The relevant standards and interpretations for the SURTECO Group will only be applied from the business year 2010 or later. The SURTECO Group is currently examining the extent to which first-time application of the standards and interpretations will exert effects on the net assets, financial position and results of operations of the Group.
SURTECO SE and all significant companies, in which SURTECO SE directly or indirectly has a controlling influence, are included in the consolidated financial statements on 31 December 2009. A controlling influence is exerted if SURTECO SE holds more than half of the voting rights in the company or has the possibility in some other way of exercising a dominant influence over the finance and business policy of a company in such a manner as to derive a benefit from the activity of these companies. Potential voting rights that can be currently exercised or converted are also taken into account when assessing a controlling influence. The financial statements of subsidiary companies are included in the consolidated financial statements from the point in time at which the control exists until it is no longer possible to exercise such control.

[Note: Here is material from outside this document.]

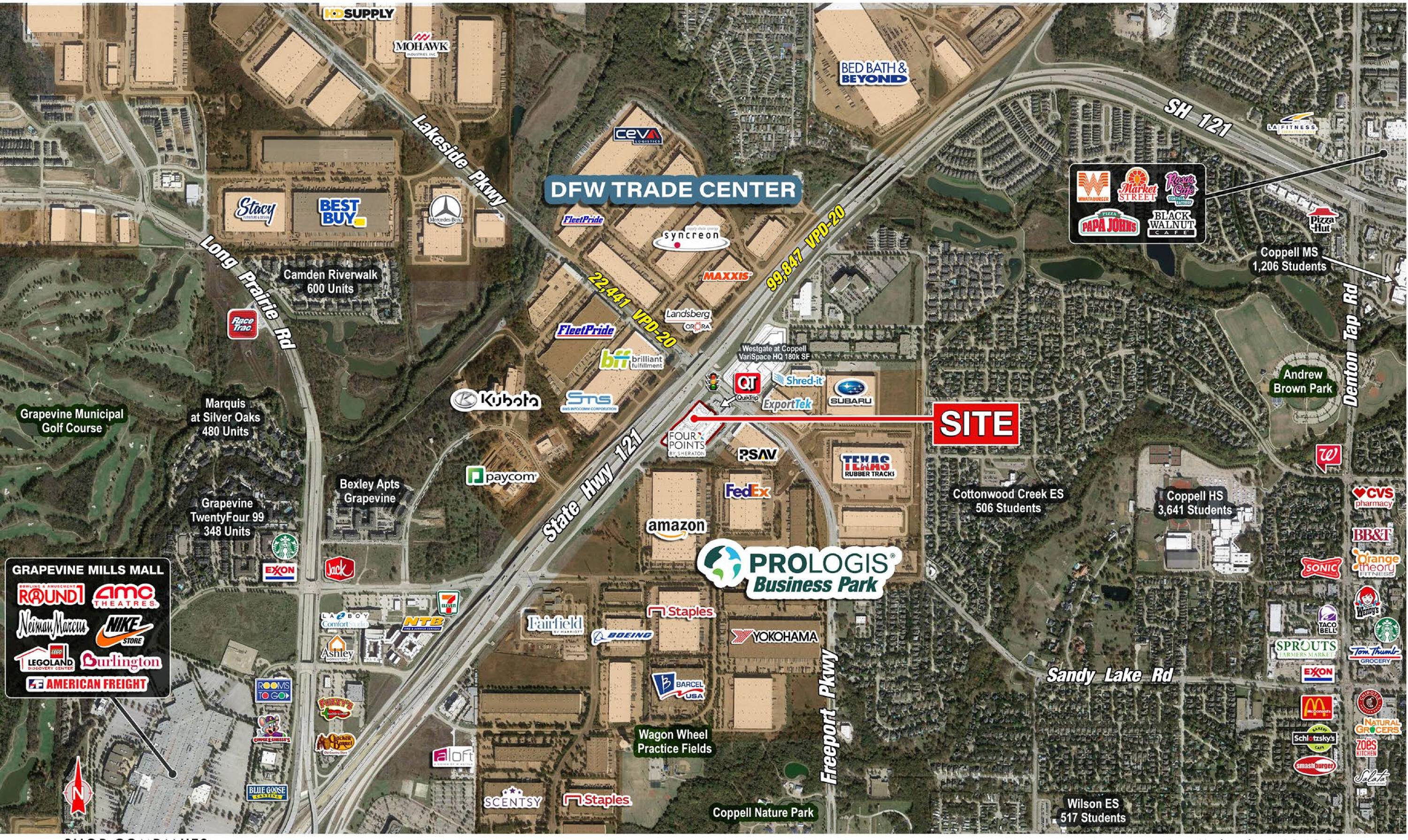The property is located at SEC of 121 Frontage Rd & Freeport Pkwy Coppell, TX.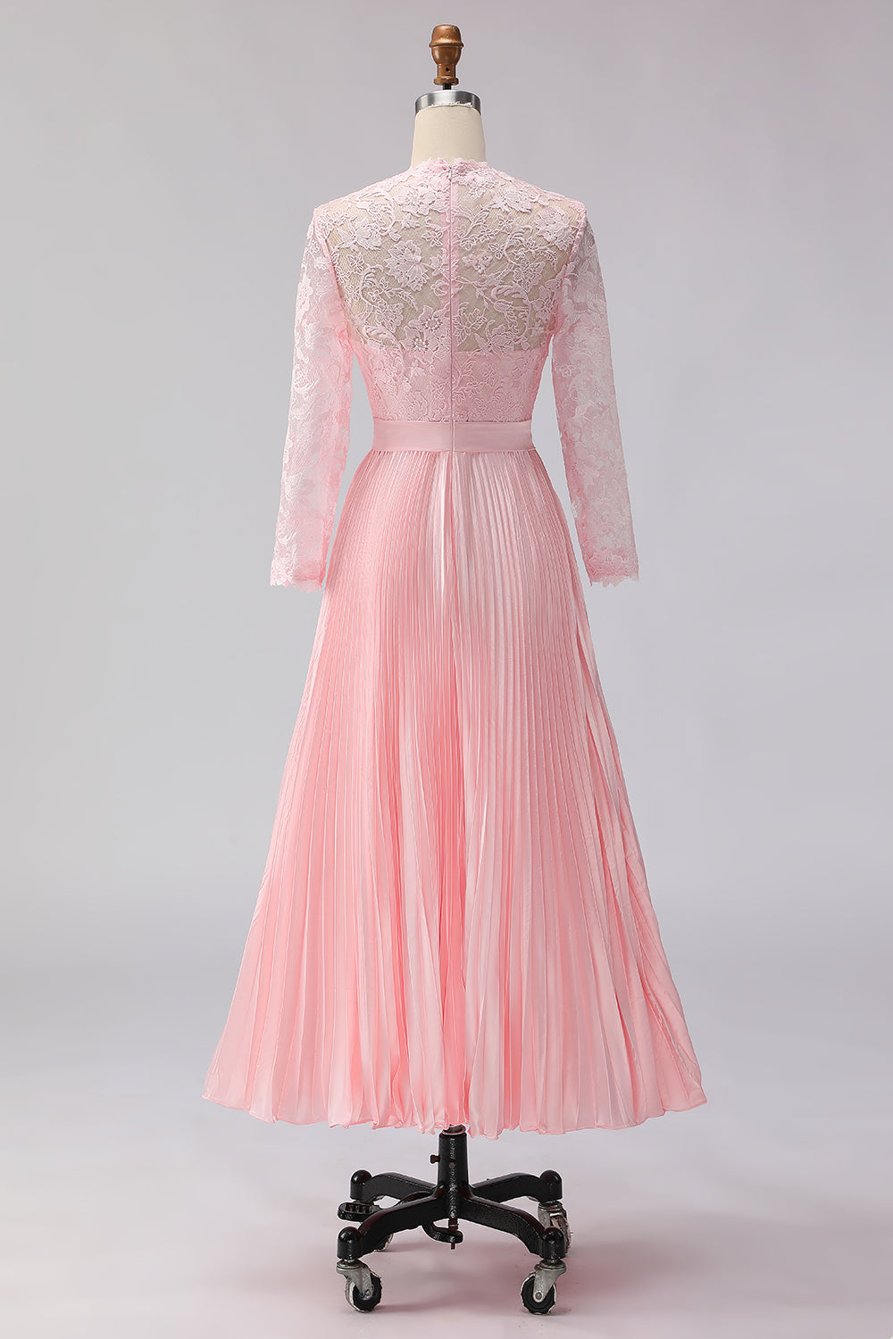 Blush Pink Chiffon A Line Pleated Midi Mother of the Bride Dress with Lace

Joint-venture companies were included proportionately in the consolidated financial statements.
Associated companies are included in accordance with the equity method. An associated company is a company in which the Group exercises a significant influence over the finance and business policy of the company, but cannot exercise control. A significant influence is assumed if the Group holds a share of 20 % or more (associated company). If a group company carries out significant transactions with an associated company, proportionate unrealized gains or losses arising from such transactions are eliminated in accordance with the share of the Group in the associated enterprise.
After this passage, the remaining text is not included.